А во дворике как раз две березки стоят, Сашенька под ними очень гулять любил. Два дюжих молодца вскарабкались на березки и — хоп! — наклонили их. А тут уже у кого-то веревка в руках. Мигом прикрутили ведьму проклятую — правая нога — к одной березке, левая — к другой.

— Пущай!

Отпустили. Кровь — вниз, на людей. Купаются в ведьминой крови, радуются. Лобик утопленницы кровью намазали.

— Ничего Акулечка, — зашептала Палаша. — Не сошло с рук ведьмине проклятой.

А Семениху березки надвое разорвали — аккурат по пизде.


Акульку покамест в старом сарае положили. Сашенька несколько раз до похорон ходил смотреть на нее. Синяя стала Акулька, страшная. Глаза выпученные, а руки холодные. Умерла Акулька. А вот у Сашеньки хуй теплый, живой и жизнь дает. Христос оживил Лазаря…

«А ну-ка, думает Сашенька, оживлю я Акульку».

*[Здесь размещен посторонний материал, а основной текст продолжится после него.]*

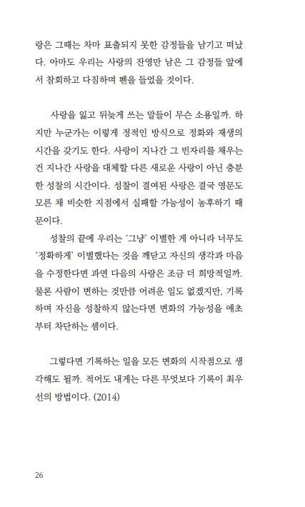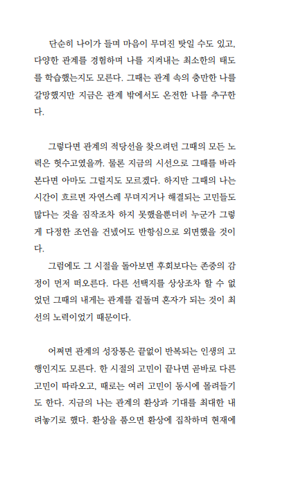 관계에 대한 고민과 방황으로 소란했던 나의 이십 대가 남겨준 건 외로움을 외면하는 것 또한 극복의 방법이 된다는 점이다. 섣불리 말이나 사람에게 기대는 것보다 단지 일상에 충실한 채 우리 곁의 외로움이 저절로 지나가길 내버려두는 것. 어쩌면 그 적당히 무심한 태도가 외로움을 제대로 길들이는 시작점이 될지도 모른다. P67

Гадко было совать ему хуй в синюю акулькину пизду. Но — ради святого дела — сунул. Холодом его охватило, могилой. Страшно Сашеньке, зубы колотятся, да он не отступает — ебет мертвую Акульку. Закрыл глаза — представил маменьку, как её кузнец ебет. Интересно, у маменьки на пизде тоже волосы есть? И за щеку она елдак кузнеца так же, как Палашка, засовывать станет? Хуй Сашеньки согрелся и сладко задрожал.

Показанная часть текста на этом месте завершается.